Höhere Kita-Gebühren für Besserverdiener
Die Höhe der Elternbeiträge ist in 75 Prozent der betrachteten Städte abhängig vom Brutto-Einkommen der Eltern. Das bedeutet, dass besser verdienende Familien höhere Beiträge zahlen als geringer Verdienende. Liegt das Einkommen der Eltern unter einem bestimmten Betrag, müssen sie überhaupt nichts zahlen. Dieser Betrag ist jedoch weder vom Bund noch vom Land festgelegt. So müssen Eltern in Duisburg, die ein Gesamteinkommen von jährlich 12.500 Euro vorweisen, bereits Gebühren (ab 25 Euro im Monat) zahlen. In Düsseldorf müssen Eltern hingegen für Kinder unter drei Jahren erst ab einem Jahreseinkommen von über 30.000 Euro zahlen (ab 30 Euro im Monat).

Wo das Einkommen keine Rolle spielt
Bei den restlichen 25 Prozent der Städte kann die Höhe der Elternbeiträge von verschiedenen Aspekten beeinflusst werden. In Frankfurt am Main sind diese zum Beispiel vom wöchentlichen Umfang der Betreuung abhängig. Für einen Kindergartenplatz eines Kindes ab drei Jahren für viereinhalb Stunden am Tag müssen Eltern beispielsweise monatlich 104 Euro bezahlen.

In Stuttgart beträgt der Preis pro Betreuungsstunde in allen städtischen Betreuungsangeboten derzeit 0,93 Euro im Monat. Auch in Leipzig ist der Elternbeitrag abhängig von den Betreuungsstunden. Unabhängig vom Einkommen zahlen dabei Alleinerziehende weniger als Familien.

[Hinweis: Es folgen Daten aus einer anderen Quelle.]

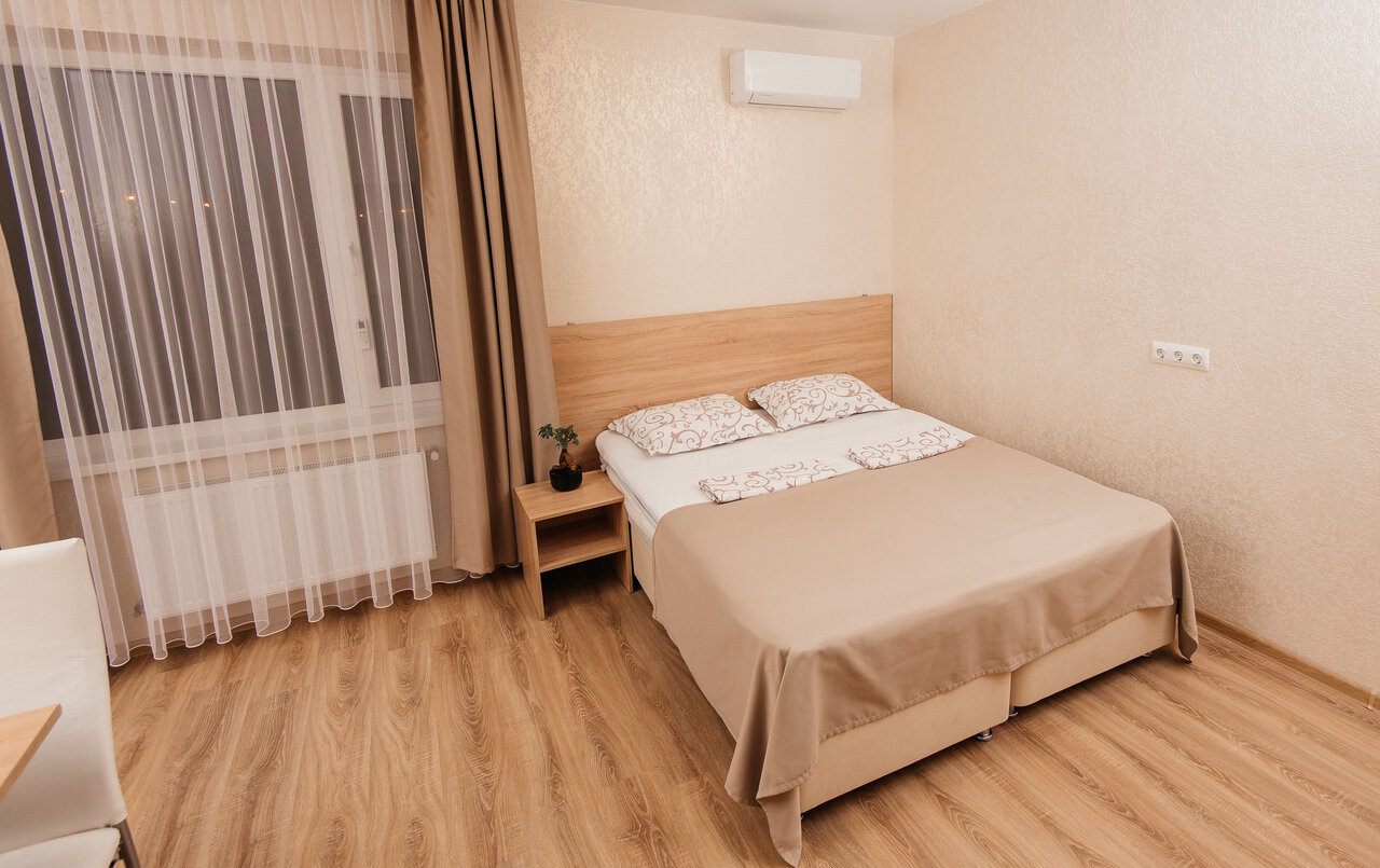 - Доступная цена за качество.; Тишина.; Наличие кухни и холодильника в номере.; Хороший ремонт.; Кондиционер в номере.
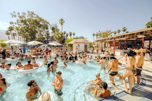 Proper swimwear is required. Guests who enter wearing long pants, denim, swimwear with rivets, buckles, metal, or plastic ornamentation will not be permitted in the pools or activity areas. Flotation devices, lounges, barbecues, glass containers and related items are not allowed inside The Palm Springs Surf Club. Men’s and Women’s changing rooms are provided, and lockers are available for a small fee. Tubes are provided at all attractions where required. Life vests are provided at no charge.
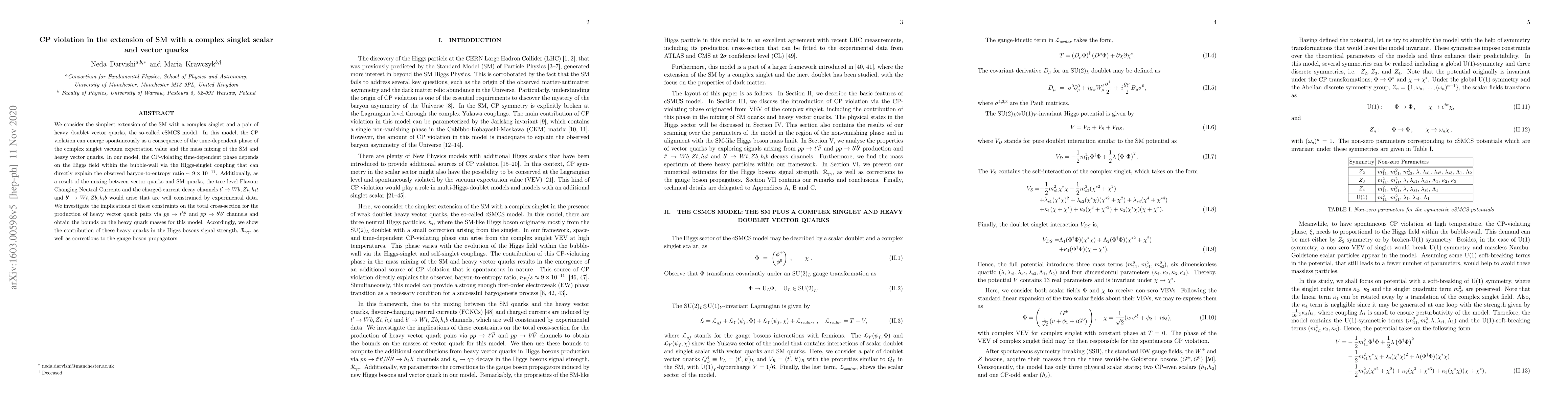 We consider the simplest extension of the SM with a complex singlet and a pair of heavy doublet vector quarks, the so-called cSMCS model. In this model, the CP violation can emerge spontaneously as a consequence of the time-dependent phase of the complex singlet vacuum expectation value and the mass mixing of the SM and heavy vector quarks. In our model, the CP-violating time-dependent phase depends on the Higgs field within the bubble-wall via the Higgs-singlet coupling that can directly explain the observed baryon-to-entropy ratio $\sim 9\times 10^{-11}$. Additionally, as a result of the mixing between vector quarks and SM quarks, the tree level Flavour Changing Neutral Currents and the charged-current decay channels $t' \to Wb, \, Zt, \, h_{i} t$ and $b' \to Wt, \, Zb, \, h_{i} b$ would arise that are well constrained by experimental data. We investigate the implications of these constraints on the total cross-section for the production of heavy vector quark pairs via $pp \to t'\bar{t'}$ and $pp \to b'\bar{b'}$ channels and obtain the bounds on the heavy quark masses for this model. Accordingly, we show the contribution of these heavy quarks in the Higgs bosons signal strength, $\mathcal{R}_{\gamma\gamma}$, as well as corrections to the gauge boson propagators.

Für einen Kindergartenplatz für vier Stunden täglich wären dies für Familien 57,83 Euro und für Alleinerziehende 52,05 Euro im Monat.

Geschwisterermäßigung
Erfreuliche Nachrichten für große Familien: In jeder betrachteten Stadt gibt es einen Nachlass auf die Elternbeiträge ab dem zweiten betreuten Kind. Aber auch diese unterscheiden sich in den Städten teilweise sehr stark. In Köln müssen Eltern beispielsweise nur noch einen Beitrag zahlen, und zwar den jeweils höchsten, der sich nach dem Einkommen und der Betreuungsart ergibt. Für das zweite und jedes weitere Kind fallen keine Kosten an. In Stuttgart wird eine Ermäßigung nicht nur bei einem zweiten betreuten Kind gewährt. Hier erhalten die Eltern auch eine Ermäßigung, wenn ihre Kinder nicht mehr im Kindergarten betreut werden. Das bedeutet, dass hier alle Kinder unter 18 Jahren berücksichtigt werden, die in der Familie leben.